Of course, Kindt’s art is a huge part of how he achieves this, and it’s also one of the things people struggle with most about Mind MGMT. The current fashion in comic book art tends towards clarity and minimalism – block colours, thick lines, and “realistic” (aka “cinematic”) poses and illustration. Backgrounds and characters are often detailed and complex, but are also simply drawn. Matt Kindt’s artwork, by comparison, uses watercolour, sketching and collage. It’s often rough, tactile and impressionistic. Many people struggle to engage with Mind MGMT because of this, but personally I found great enjoyment in it once I persevered; reading it begins to feel like it’s something someone has scribbled down on a plane before they forget it – the pages themselves are laid out like a spy’s field mission report, as if we are ourselves the agents pursuing Meru. A face drawn with strange or familiar features could simply be how that character looks, or could be someone who looks different every time we see them. There are so many secret codes and messages hidden within the panels that it begins to feel a little like falling down a rabbit hole.

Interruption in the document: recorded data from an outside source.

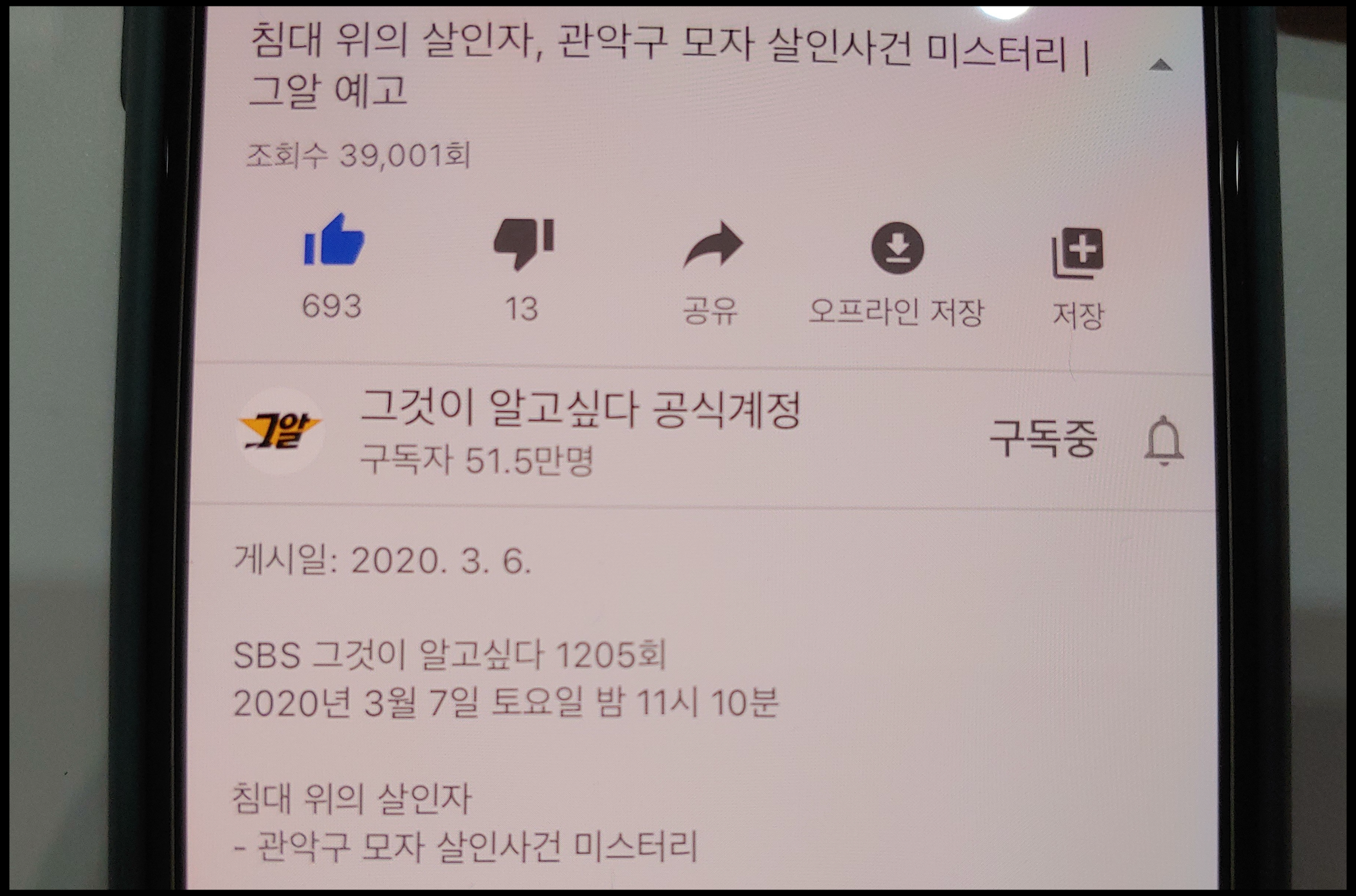 [사진 = SBS 그것이 알고싶다 공식 유튜브에서는 3월 7일 방영 예정인 관악구 모자 살인사건 예고하는 게시물을 올렸습니다. 2월 29일 전옥분 살인사건 방영분 끝나고 예고 영상이 나왔는데 3월 6일 유튜브에서 공개됐습니다. 최근 그것이 알고싶다 공식 유튜브에서 다양한 콘텐츠 동영상 올리며 사람들의 관심을 받고 있습니다. 해당 프로그램 시청하는 사람이 꾸준히 많았다는 점에서 관악구 모자 살인사건 방송을 통해 눈여겨보는 시청자들이 꽤 있을 것입니다. (C) SBS 그것이 알고싶다 공식 유튜브]
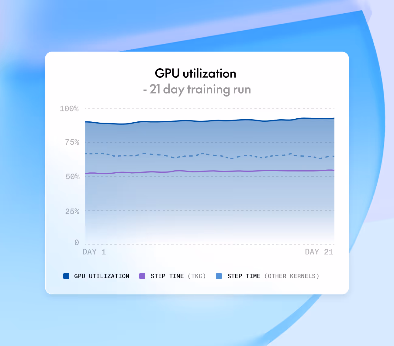 Maintain high utilization across multi-week training runs and model serving. Kernel, hardware, and storage acceleration reduce stragglers and keep latencies predictable.
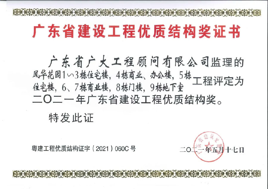 此外,由廣東省廣大工程顧問有限公司承監的"風華花園1~3棟住宅樓,4棟商業樓,辦公樓,5棟住宅樓,6、7棟商業樓,8棟門樓,9棟地下室"項目同時榮獲“2021年廣東省建設工程優質結構獎”、“2020年廣東省房屋市政工程安全生產文明施工示范工地”!

But however different and original it may seem, the book itself was conceived from a great love of comic books and the comic book form. The printed single issues have been getting increasingly low sales. Most people buy comics in trade paperbacks – the books that collect issues into a single edition. They’re cheaper, more convenient, and less hassle – and that’s if people buy them at all. When Matt Kindt first started writing Mind MGMT in 2012, he talked about wanting to write a story that was especially designed for the single issue format: “I want the reading of this book to be unique. Something that can’t be replicated in a trade. Something that hasn’t been done before”. Kindt has delivered on that promise. When the series ended last year after 36 issues, it was compiled into 6 trades. Each is 200 pages long, and none of them contain any of the bonus material that you can find in the single issues. This was a big problem for me; I love owning the hard copies and having them on my shelf, but buying the individual issues in a printed format is also difficult and expensive. Buying the individual issues online from a digital comic provider like Comixology or Dark Horse Digital is the best way to get the full experience, even if I can’t hold it in my hands or fold the pages the way Kindt intended. All the same, it’s worth it for this engaging, complex and beautifully realised story.